A ces axes, le programme de renaissance acte II a ajouté un nouvel axe qui est l’axe relatif à la renaissance culturelle. Alors quel bilan peut-on faire de 7ans de mise en œuvre du programme de renaissance ?

On peut faire ce bilan à deux niveaux: au plan macroéconomique d’abord et puis au plan sectoriel. Au plan macroéconomique, il faut retenir qu’en 2016 et 2017, le Niger a connu une croissance économique annuelle de 4,9 %. Quand on regarde la croissance cumulée depuis 2011, on peut dire que la richesse nationale s’est accrue de plus de 48% de 2011 à 2017.

« Nous avons besoin d’un Etat démocratique fort et stable ; un Etat capable à la fois de garantir l’ordre et la liberté (…).

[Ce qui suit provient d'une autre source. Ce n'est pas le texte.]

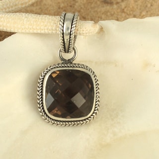 SaleSterling Silver Smoky Quartz Cable Bali Pendant (Indonesia)
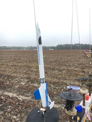 Day two of GRITS 2018.  Not quite as foggy as day 1 but still damp and cold in the morning.  Cloud deck estimated at 700 feet.  Nice boost, little bit of tail wiggle under thrust, arcing slightly during the coast, out of sight in the clouds prior to ejection.  Heard the ejection charge and picked it up under chute.  Landed on the field with no damage.

Parce que l’ordre sans liberté, c’est la dictature, la liberté sans ordre, c’est l’anarchie »

S’agissant de l’inflation, le taux d’inflation a été de 0,2% en 2016 et 2,4% en 2017. Quand on cumule le taux d’inflation depuis 2011, on se rend compte il est de 6,5%. Cela veut dire que l’inflation qui est une espèce d’impôt déguisé a été donc maitrisée. Ce qui a permis de protéger le pouvoir d’achat des ménages. Même chose on comprend l’endettement du pays, il a été maitrisé.

Nous avons également maitrisé les dépenses grâce à la régulation budgétaire. Nous avons mis en œuvre des reformes au niveau des régies financières qui ont permis de redresser progressivement les recettes ; ce qui fait que le déficit budgétaire est en cours de résorption. Et cela permet à notre pays de sortir de cette pyramide dite pyramide de Ponzi qui a caractérisé ces derniers temps la gestion des finances publiques. Donc vous voyez qu’au plan macroéconomique, nous avons pu renforcer la stabilité macroéconomique du pays depuis 7 ans. Maintenant, au plan sectoriel, le bilan fait ressortir des progrès remarquables pendant ces 7 dernières années.

D’abord, commençons par les infrastructures. En 2016 et 2017 puisque le bilan du premier programme a été déjà fait et débattu à l’occasion des élections de 2016. Donc, je veux me concentrer surtout sur les réalisations de 2016 et 2017. Nous avons continué les réalisations au niveau des infrastructures routières, énergétiques ; de télécommunications, infrastructures urbaines. Pour citer des exemples, pas plus tard que le 3 avril, nous allons inaugurer l’échangeur Diori Hamani qui est le troisième échangeur que nous réalisons au niveau de la ville de Niamey.

Et peu après, nous allons également inaugurer un certain nombre de routes notamment la route Ballayera-Loga et la route Zinder-Magaria frontière avec le Nigeria. Rappelez-vous aussi qu’en 2016, nous avons fait en matière d’infrastructures urbaines Agadez Sokni ; en 2017 Tahoua Sakola. Ces projets au niveau des villes viennent s’ajouter a ce qui a été réalisé au niveau de Niamey Nyala, de Dosso Sogha et de Maradi Kollya. En ce qui concerne l’initiative 3N, nous avons atteint tous les objectifs que nous nous sommes fixés dans le cadre de cette initiative.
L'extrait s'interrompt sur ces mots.